Наш век, наполненный с одной стороны, новыми технологическими достижениями, девайсами и гаджетами, а с другой – модой на постмодернисткое «ничто», на скрывающие пустоту симулякры, на фантики, вроде бы не располагает к творчеству как таковому. И действительно, с печалью и удивлением я наблюдаю, как изменилось мышление моих современников. Люди перестали понимать язык образов, метафор, поэтических фигур, притч: из них они вычитывают буквальный смысл, который в результате этого становится плоским, одномерным.

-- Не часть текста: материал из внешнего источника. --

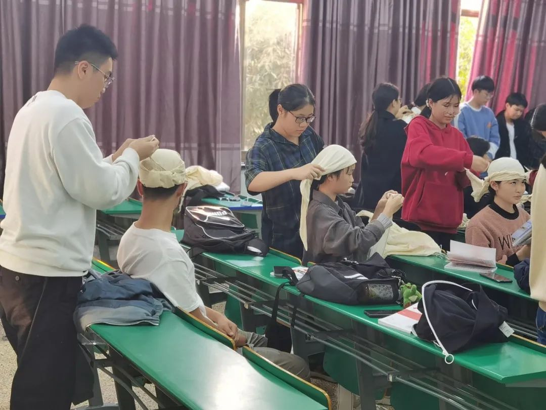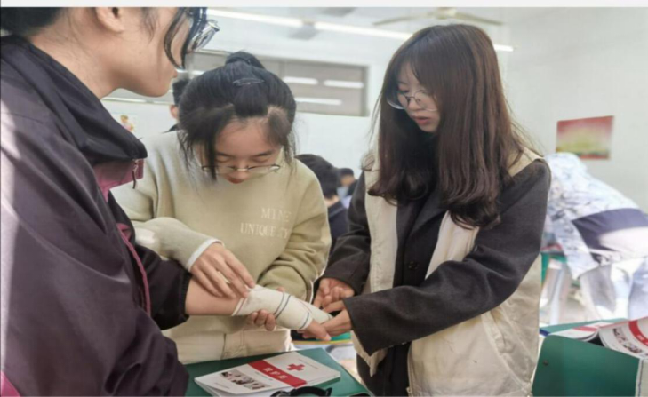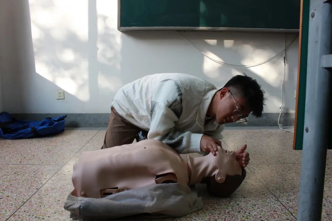 实操训练中,爱之翼的干部们先进行了心肺复苏术、创伤救护四项技能等操作演示,学员们认真听讲,并在小老师的指导下积极地进行了练习。

Я что-то слишком часто стала с этим сталкиваться и опасаться подобной тенденции.

jnikol0316

Ведь даже Господь в Евангелии говорил с народом на языке притч, художественных образов, по сути, на языке поэзии, на языке искусства. И когда ученики спросили Его: «Почто притчами говоришь им?», Он ответил: «Вам дано знать тайны Царства Божия, а прочим – в притчах, так что они видя не видят и слыша не разумеют» (Лк. 8, 10). Этим утверждением он удостоверил, что язык художественных образов свойственнее и понятнее душе, ищущей Бога. А рациональное и прагматическое сознание, способное увидеть лишь буквальный смысл, рискует прий\яти к тому, что истолкует, в конце концов, притчу о сеятеле как рассказ о посевной кампании, а о потерянной овце – как повествование о животноводстве… Я, конечно, преувеличиваю, но тем не менее, человек постепенно разучится понимать в своей жизни знаки Промысла Божиего, различать узоры судьбы и даже на собственном опыте учиться жить по воле Божией.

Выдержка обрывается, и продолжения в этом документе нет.